I can still give the moldy jerky to my babies? Or should I just throw it away/feed it to my fishes and turtles? 


Thanks for your help.


----------



## Gogoclips (Apr 27, 2013)

I'd throw it away. I'd rather throw a pound of beef away than risk the hefty vet bills if the dog got sick. /: Especially since you can't be sure what kind of mold it is.


----------



## Abbylynn (Jul 7, 2011)

Maybe the next time you could freeze the jerky. I know my dog's love frozen treats too .... like a cold bone to them.  I would toss the moldy treats.


----------



## pawsaddict (Apr 17, 2013)

Why risk it?


----------



## dogloverforlife (Feb 23, 2013)

I agree throw them out.

Sent from Petguide.com Free App


----------



## mrgoodkat (Oct 21, 2012)

Abbylynn said:


> Maybe the next time you could freeze the jerky. I know my dog's love frozen treats too .... like a cold bone to them.  I would toss the moldy treats.


Thanks for the tip. That sounds like a good idea to keep them busy.

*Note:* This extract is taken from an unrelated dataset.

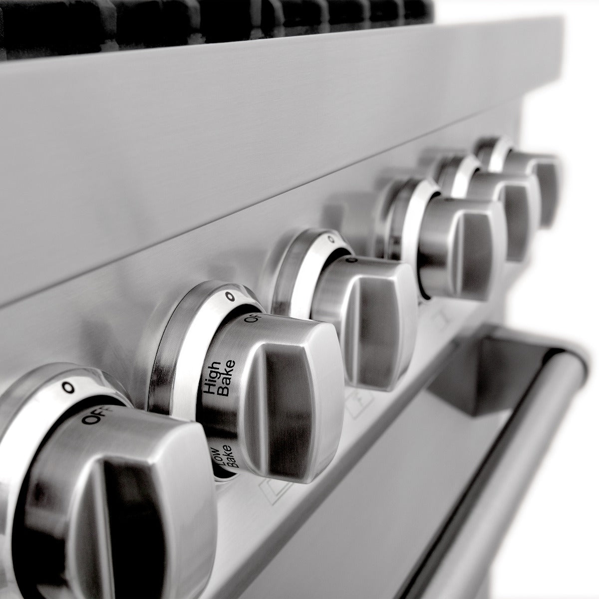 Experience Attainable Luxury® with the ZLINE Dual Fuel Professional Range. Combining both professional aesthetics and functionality, this range provides the ultimate luxury experience for a fraction of the cost. Achieve optimal results with cooktop cooking power from 4,200 up to 18,000 BTUs provided with sealed burners. Rely on precise and even heating for every homemade dish with an electric convection oven. Enjoy an ultra-deep oven capacity with a three-layered insulated glass oven for efficient cooking every use. With upgraded premium features such as SmoothSlide ball-bearing oven racks, dual lighting, and adjustable legs, this range is certain to wow both the chef and guests alike. Assembled with the highest quality materials on the market, this range offers a durable, scratch-resistant porcelain cooktop and ZLINE’s exclusive single piece cast iron grate. Cook with ease with StayPut Italian hinges, providing a safe baking environment to enjoy for years to come. ZLINE stands by the longevity and durability of their professional ranges, while ensuring further protection and peace of mind with a worry-free warranty. The ZLINE Dual Fuel Range ships next business day when in stock.

Thanks everyone for the help. I'll feed the beef to the turtles.


----------



## Emmett (Feb 9, 2013)

Are you positive it's mold? White spots on jerky are sometimes natural especially when refrigerated. It's called "bloom" or something like that and can even be tiny bits of congealed fat. I'm not saying that's the case, but properly dehydrated meat shouldn't be showing mold at one week...especially if its been refrigerated.


----------



## DaisyDC (Feb 24, 2013)

Emmett said:


> Are you positive it's mold? White spots on jerky are sometimes natural especially when refrigerated. It's called "bloom" or something like that and can even be tiny bits of congealed fat. I'm not saying that's the case, but properly dehydrated meat shouldn't be showing mold at one week...especially if its been refrigerated.


This was my first thought as well--I've had plain cooked meat be fine in the fridge for almost week, fresh bacon too. There's no reason properly dehydrated meat should be moldy so quickly. Is it a fuzzy film like a mold, or more waxy like you see on a piece of roast beef that's been refrigerated for a day or two? If the latter, I wouldn't worry.


----------



## mrgoodkat (Oct 21, 2012)

Emmett said:


> Are you positive it's mold? White spots on jerky are sometimes natural especially when refrigerated. It's called "bloom" or something like that and can even be tiny bits of congealed fat. I'm not saying that's the case, but properly dehydrated meat shouldn't be showing mold at one week...especially if its been refrigerated.


Now you are telling me  Your answer caused me to google the topic and it seems it is indeed not mold. According to this thread it's salt residue
http://www.bestbeefjerky.org/2009/03/white-stuff-powder-beef-jerky.html

Which is weird since I didn't add anything to the meat, but it looks exactly like in the picture.

Well, now I know and can prevent it. (Just got my dehydrator and the jerky was my second batch)

Thanks for all the answers.


----------